A large felled tree towers before the grass. Running, I prepare to leap, but chicken out in the end. I climb over, and you smile at me, good-naturedly. You almost had it!
The stream you mentioned is bracketed by more white rocks. This time I make the jump, sending pebbles scattering, and I am breathless, I am alive. I am almost reckless. Your legs are so long, you don’t have to leap to cross. You join me on the other side.
Nearby, wheels race on pavement. Metal cuts paths in the wind. The vehicles’ existences are almost sacrilegious. Here, it is so easy to forget that civilization is so close. In stories, modern day ceases to exist; instead, it is the young protagonists and their magical companions. Good versus evil — black and white, no grey — with a moral lesson and a return to reality.
I inwardly shrink away from the idea of returning.
The trees bend. Their full branches shelter us like a mother’s embrace. You almost see the dryads welcoming the King and Queen home from a dangerous mission. I almost see the monsters in the shadows waiting, watching.
In the middle of a clearing, there is a raised manhole cover. Let’s sit. Your bookbag falls to the ground. Squeezing next to you, I pretend to not feel your bony shoulder through that shirt. The live wire is dangerously close to the puddle; I swear that I’m going to become undone.

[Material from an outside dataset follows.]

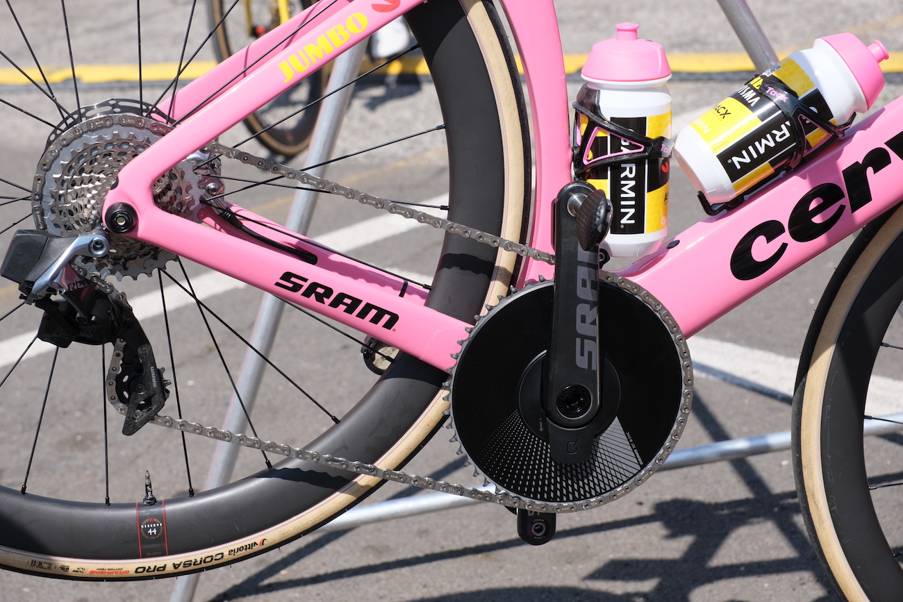 Tanto per cominciare, Roglič ha utilizzato la corona singola solo in alcune tappe del Giro d’Italia 2023, quando nelle altre ha continuato a privilegiare la classica doppia.

You open your pink mouth. Conversation has always flowed like a babbling brook between us, ever since you approached me in spring — remember? — and this time is no different. No longer do we simply discuss safe topics: favorite songs, pets, school. Now talk is more dangerous. You hate your stepparent; you love your girl. I draw in the dirt.
What are we going to name this place?
I don’t know, but we’ll think of something.

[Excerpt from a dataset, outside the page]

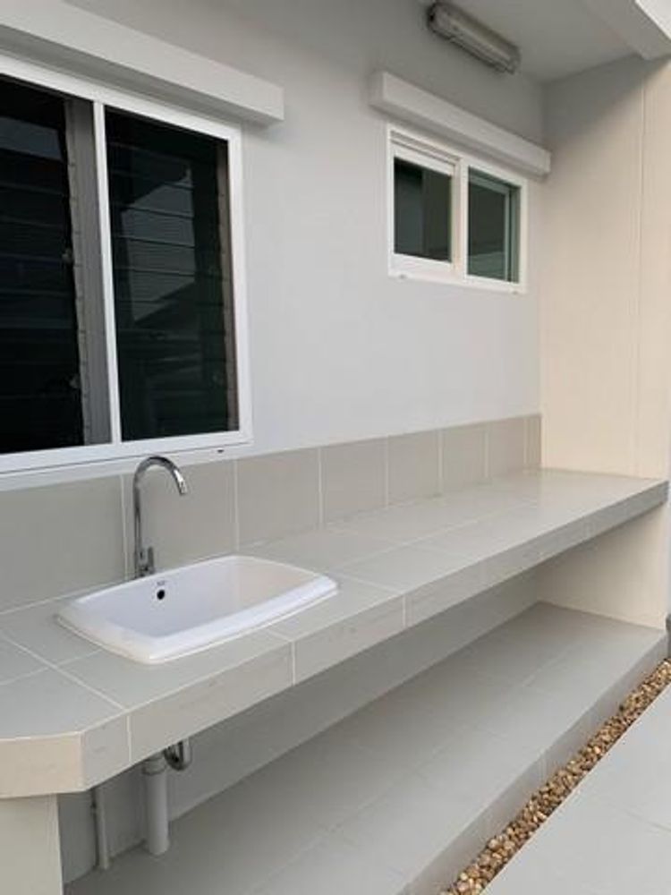 เนื้อที่ 158.4 ตารางวา พื้นที่ใช้สอย 286ตร.ม จำนวน 2 ชั้น 4 ห้องนอน 6 ห้องน้ำ 1ห้องแม่บ้าน จอดรถ 3 คัน

In a moment of silence, I look at you. Staring straight ahead, you see something that I do not. My gaze moves from your multi-colored eyes to your lips, and I blink, my face flushing. I already have someone. It’d be so easy to kiss you, regardless.
The mirage, the illusion, is shattered like a hammer to a mirror. This isn’t a ravine, and it isn’t an oasis; it’s a sewer surrounded by a littered overgrown forest. The only snakes waiting for me are my own demons. The dryads are dying. You are a beautiful boy who isn’t mine, and we are still on the map in reality. There would be consequences if I kissed you, no matter how much I think that time has stopped here, there.

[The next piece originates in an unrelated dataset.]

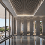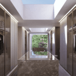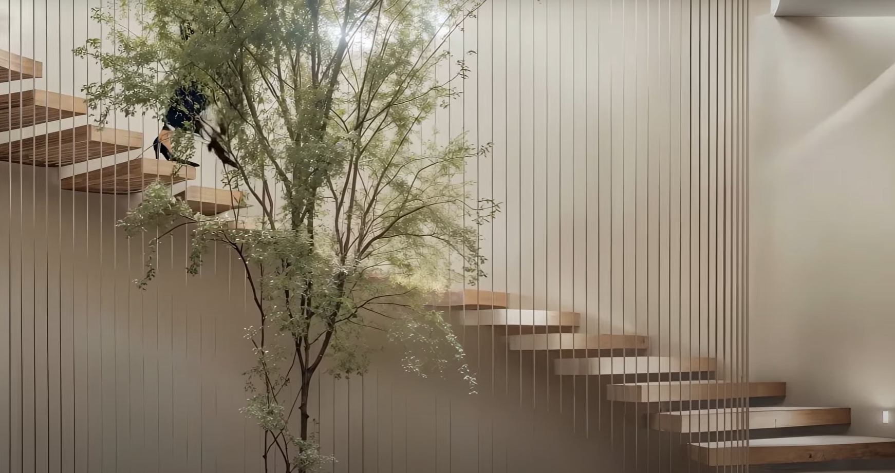 The house is also a profound reflection on light. Carefully oriented to capture the movement of the sun, it creates unique atmospheres throughout the day. A west-facing courtyard embraces the golden glow of the afternoon, reflecting it in a serene water feature that multiplies warmth and beauty. Nothing is accidental—each detail stems from a thoughtful analysis of the environment.

With a shudder, I realize that childhood is growing farther and farther behind: a friend whom I am no longer in touch with, and whose name I only distantly recall. No longer can I claim innocence of anything, anything at all. I look at my hands. I am overwhelmed with the feeling of having grown too old too young too soon, like what Ray Bradbury said.
Meanwhile, you continue to focus on something invisible to me.
. . .
We haven’t been there in a long time. The leaves are probably orange and dead and falling — they were once so green. Remember how the bright sunlight dappled the ground through the trees? The sky is dark and overcast now; we shiver on the walk home, heads bowed.
I lie to myself that that is the reason why we don’t journey there on the weekends. That the cold has frozen your spirit, and you’re in hibernation — didn’t you tell me once that you hate winter? Soon, spring will return with you in its pocket, and drop you off on my front porch.
If you don’t, though, that’s quite all right. Perhaps I’ll go there by myself when it is the middle of January and the frost bites. I’ll stand on the Pedestal like the invincible kids we once were. I’ll bury the hatchet in the clearing. Then I’ll return home, shed you like a snake skin, and be an adult in the end.
In the meantime, I’ll wait for you to return from the other side, but you aren’t going to, are you?